We spent several days exploring the Louse River, which is long on portages and short on paddling. It is a wild, rugged landscape and many of the portages feel more like muddy, narrow game trails than the well-worn tracks that connect many of the more popular lakes in the Wilderness.
Yesterday we were mesmerized by the tall marsh grasses rippling with the force of each passing gust.

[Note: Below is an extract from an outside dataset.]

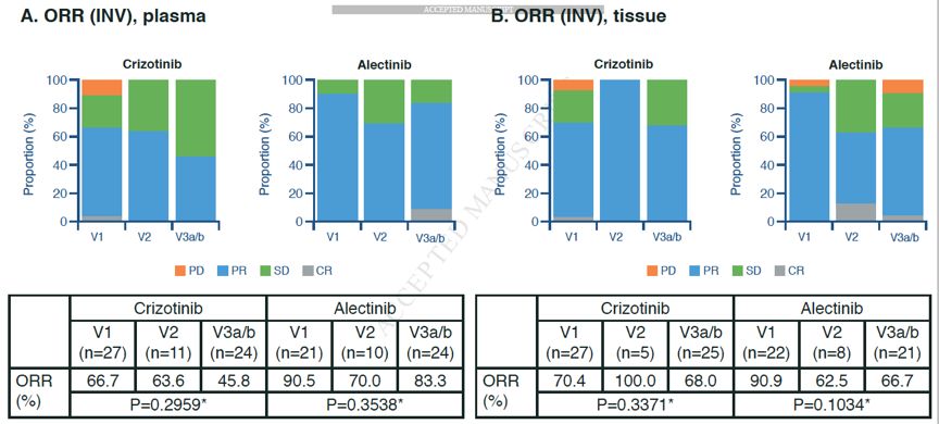 在组织或血浆样本中,不同EML4-ALK融合变体人群,研究者评估的ORR均无显著差异,无论是阿来替尼或克唑替尼组,见图4A和4B。在常见ALK融合患者中,研究者评估的ORR,阿来替尼组高于克唑替尼组。采用组织标本检测,EML4-ALK融合变体1的患者,阿来替尼组的ORR高于克唑替尼组,变体 3a/b的患者,两组的ORR相似,而变体2的患者,阿来替尼组较克唑替尼组低(62.5% vs 100%,见图4B),然而变体2的患者人数非常少,很难得到有意义的结论(两组分别为8例和5例)。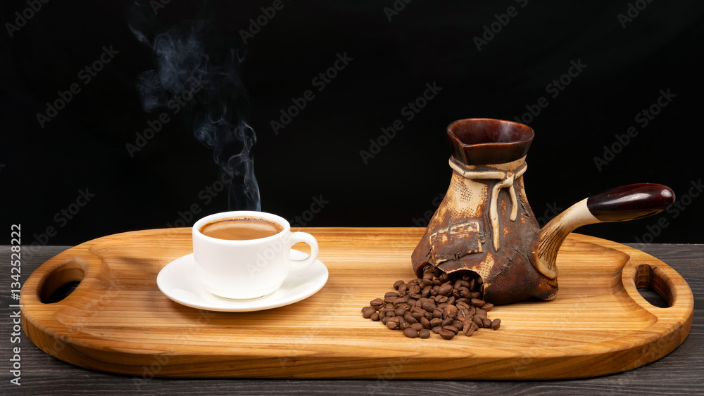 black manual coffee grinder for coffee beans and six glass transparent jars with black lids filled with roasted coffee beans and earthenware for brewing coffee on a white background.

We spent two nights camped on Trail Lake, in the middle of the Louse River. The only person that we saw on the Louse River was a young man named Owen on the portage between Zenith and Fredrick Lake. Owen is in college and just started working at Sawbill Outfitters. I worked at Sawbill when I was his age and I remember him coming into the store as a little kid, quietly peering over the counter as he bought treats to take back to his campsite in the Sawbill Lake Campground. He has been coming to the Boundary Waters for his whole life and it was easy to see that he was beaming with excitement as he headed out on his first solo canoe trip (even after completing the 1.5 mile Lujenida Portage). A few minutes after we returned to our campsite on Trail Lake, dark clouds towered over us, the trees began to sway and the wind sent streams of spray flying off the rapidly building wave tops. Huddled under our Cooke Custom Sewing Lean 2 Amy said,” I sure hope Owen is off the water and has his camp set up.” Amy and I have spent the last 279 days in the Boundary Waters Canoe Area Wilderness to help protect this national treasure from a series of sulfide-ore copper mines being proposed along the edge of the Wilderness. Please visit @savethebwca at http://ift.tt/1x2erSX to learn more and take action today.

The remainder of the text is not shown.